Following the incident, Yusuf was itching to get back on the courts. He asked his doctor if it would be okay for him to start teaching squash again, within a week of the heart attack. His doctor told him no—he should rest. “I say, 'I don't have to run,'” Yusuf says of that conversation. “Why?” the doctor asked. “Before they hit the ball, I know where the ball is going. Don't worry!” Yusuf replied.
Over the last 30 years, Khan has learned where just about every shot from every player will go before they hit it. He knows names, faces, skill levels, styles of play—even intimate secrets of his students. Khan says he plans to be around in the squash scene for at least 10 more years in one form or another, despite his official retirement. No matter the role he takes on, now that his kin have taken over at the Seattle Athletic Club, Yusuf Khan has left an indelible mark on the Seattle squash community. He's changed the face of the sport in the city, growing the squash programs to an internationally acclaimed level and passing on that legacy to his children, who will take the next step forward.

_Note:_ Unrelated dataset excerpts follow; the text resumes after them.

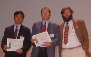 Wei Zong and Günther Schreier receive congratulations from challenge organizer George Moody at CinC 2001.
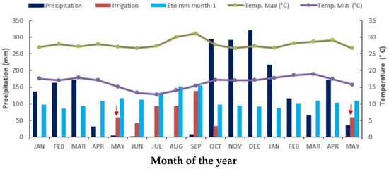 The first top-dressing fertilization was applied manually and, after the first cut of the plants, was carried out in two periods: 400 kg ha−1 NPK (using formula 4:30:16) at the same time as rescue irrigation and 600 kg ha−1 of NPK in November (18 months after the planting date) at the beginning of the rainy season.
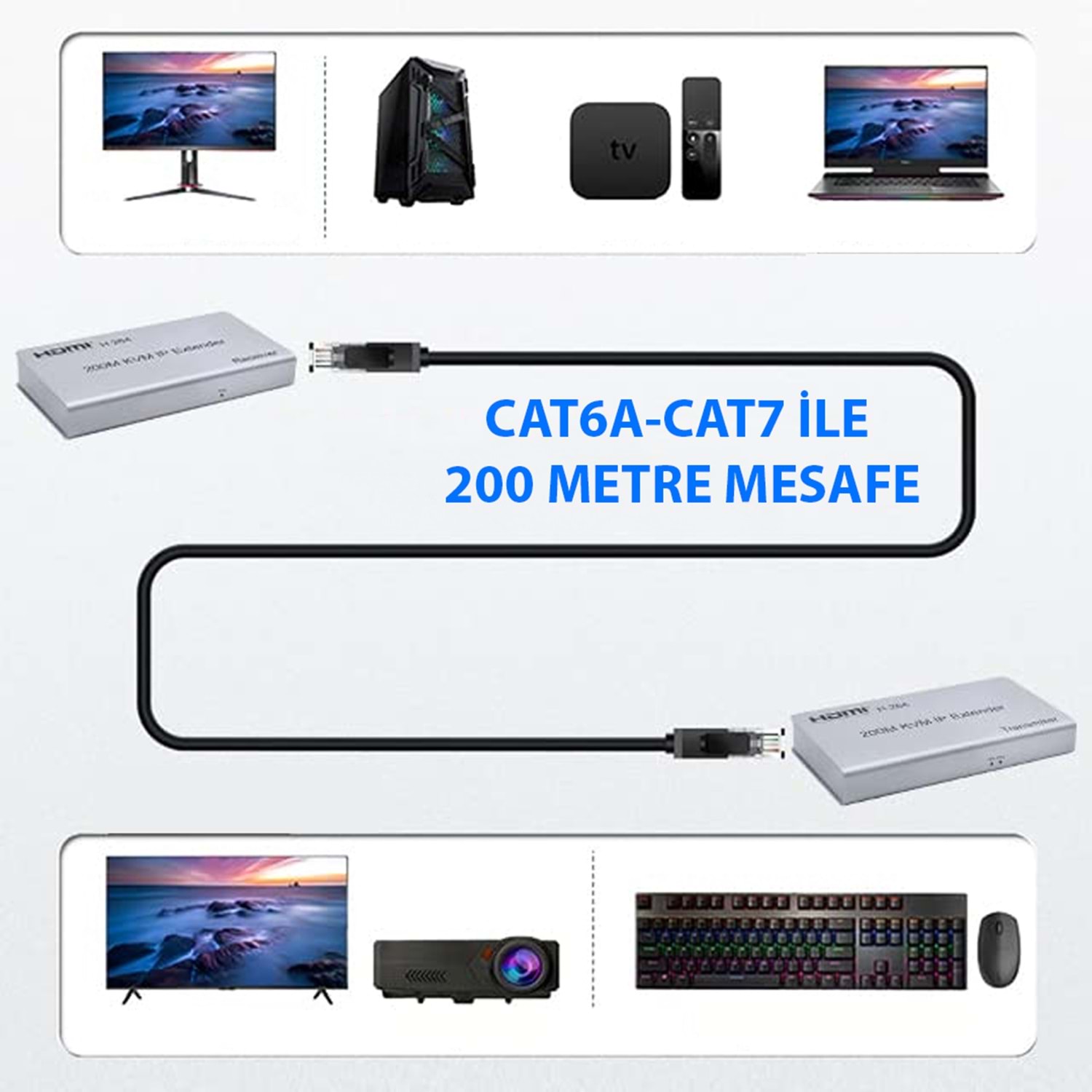 İletim Mesafesi: CAT6/CAT7 kablo ile 120 metreye kadar sinyal iletimi.
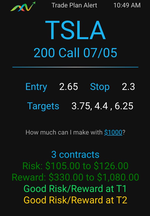 June 26 - TSLA 200c 7/5 swing $2.65 —> ($2650—> $4500 potential so far could hit $15000+)
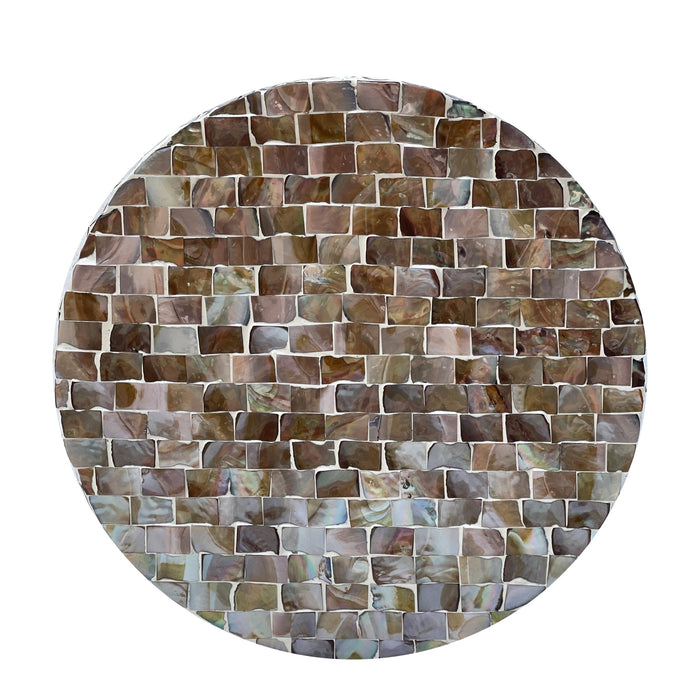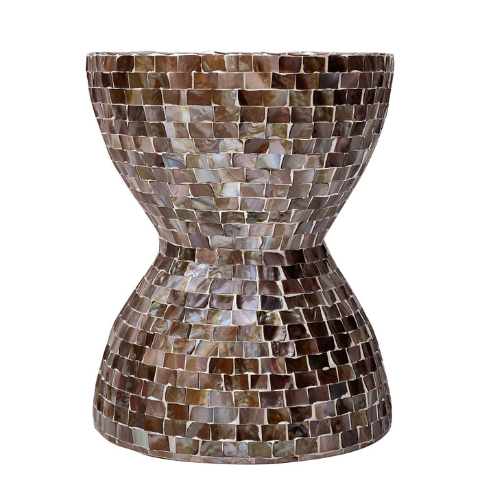 Enhance your space with a touch of opulence. This stool or side table features handcrafted mother of pearl in a sophisticated toned finish, giving your home a refined and luxurious feel.
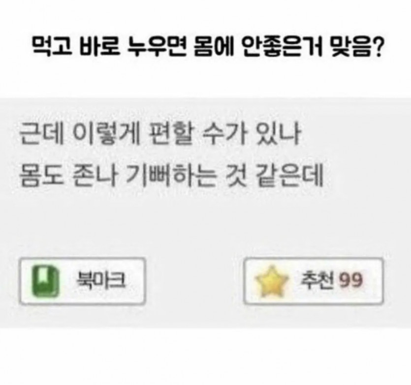 먹고 바로 누우면 몸에 안좋은거 맞음?
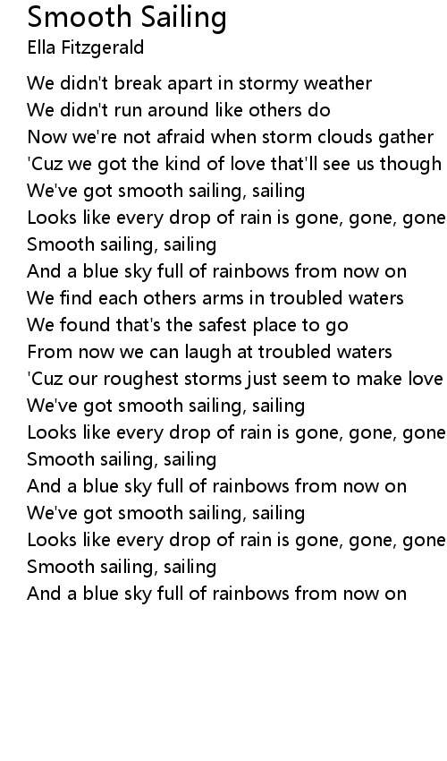 We've got smooth sailing, sailing |
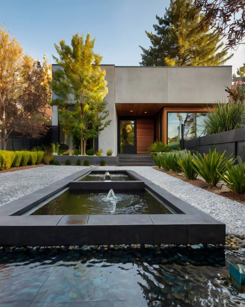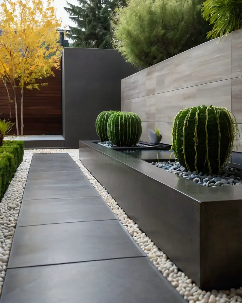 - Features: Decorative planters, sculptural elements, or low-maintenance water features like a simple fountain.
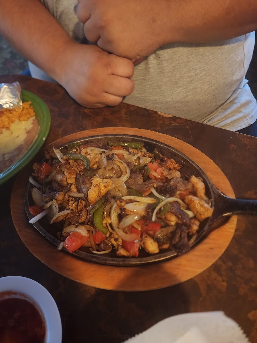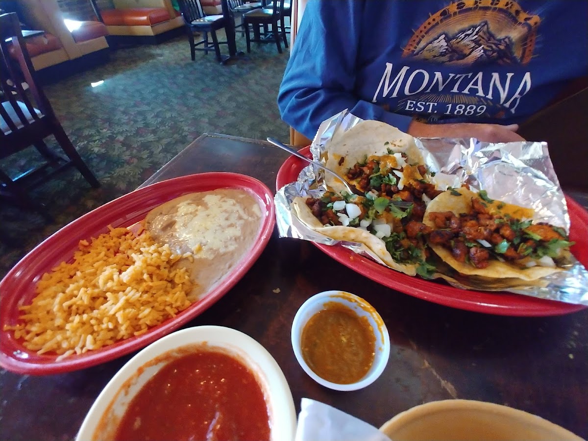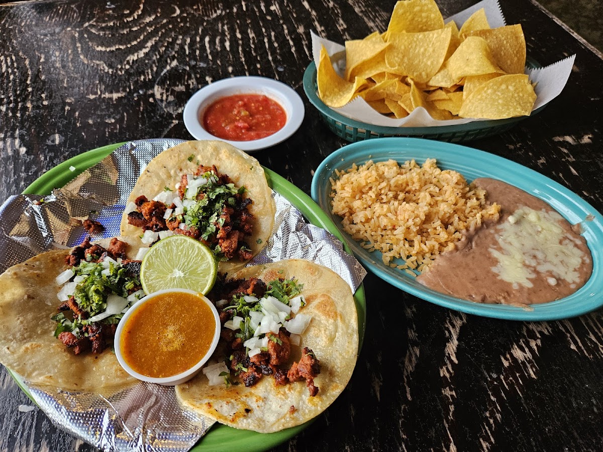 We ordered 3 steak tacos, 3 chicken tacos and a beef burrito. All came with rice and beans. We were happy with our selections and even the warm chips and 2 flavors of dip. The servers and wait staff were all very friendly and professional.
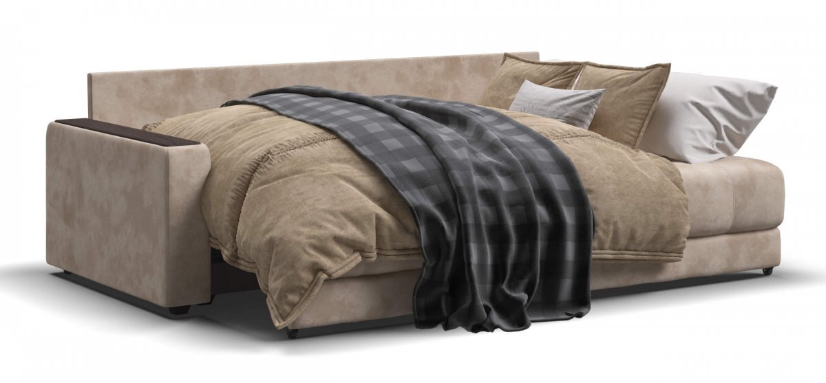 Прочный каркас, изготовленный из фанеры и древесных плит, увеличивает срок службы, а удобство гарантируется благодаря матрасу с независимым пружинным блоком и супермягкой пеной FLEX.
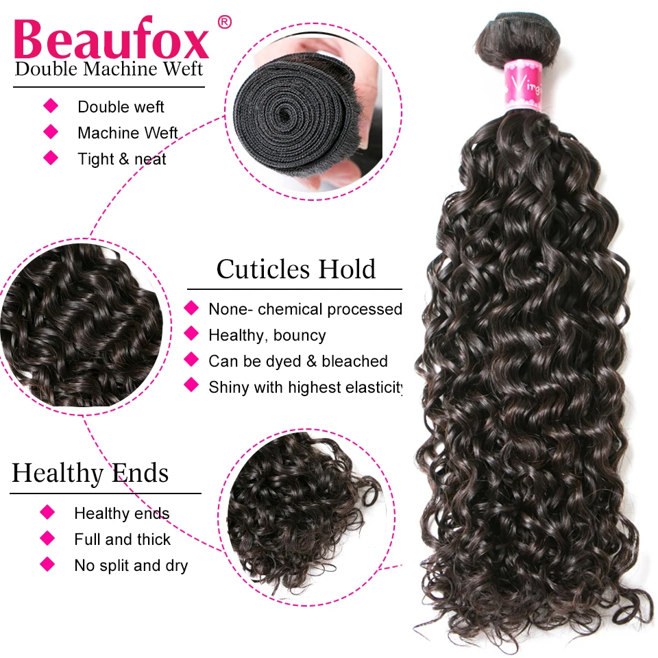 Малазийские волнистые волосы Beaufox, 3 пряди, с фронтальной застежкой, Реми, с застежкой, кружевная Фронтальная застежка, с пупряди Реми
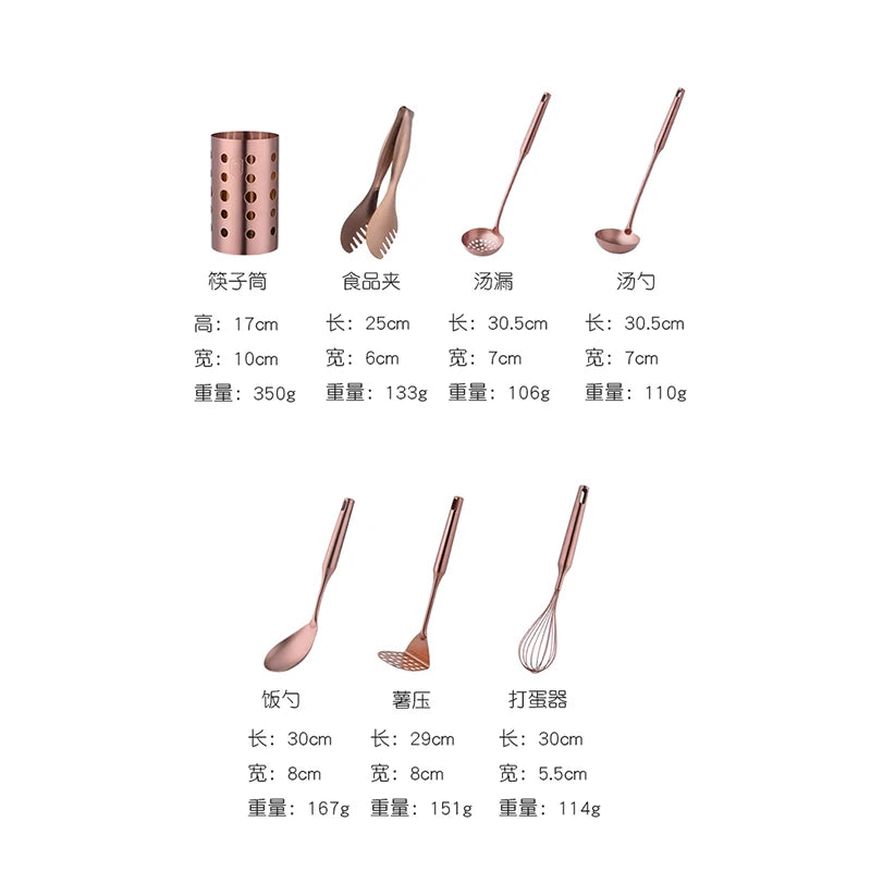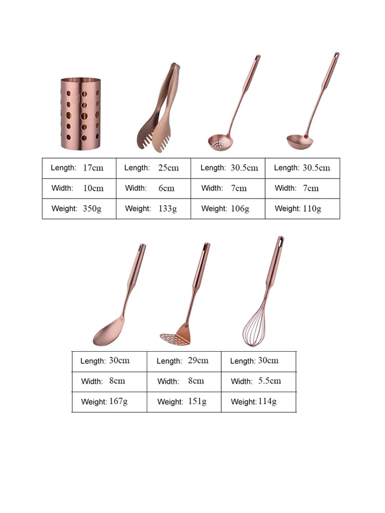 Upgrade your kitchen with 1PC Stainless Steel Kitchen Cookware Gold. This set includes a soup spoon, eggbeater, food clip, rice colander, and skimmer for all your cooking needs. Made of durable stainless steel, these utensils will elevate your cooking experience. Elevate your cooking game with this sleek and functional set.

Where Did This Guy Come From?
In 1956, the Indian Army sent Yusuf Khan (photo left) to England for the first time to compete in three tournaments: The Dunlop Open, British Open, and Scotland Open. For the Dunlop, the organizers of the event seeded Yusuf third, far ahead of the expectations of the Pakistani players. “All Pakistan surprised,” he recalls. “'Where did this guy come from?' Usually there was 1, 2, 3, 4, 5—all of Pakistan. And then I break them out” by becoming the No. 3 seed. This was Yusuf's first tournament. There, he lost to Hashim Khan, a good family friend with the shared last name, in the semis. He went on to lose two more times that year to Hashim in the semis, but he had caused a stir to the normal Pakistani-driven top seeds and the followers of squash in that area of the world. “You know here we looking at stock market [in the newspapers]? In Pakistan, every morning people looking through squash page,” says Khan.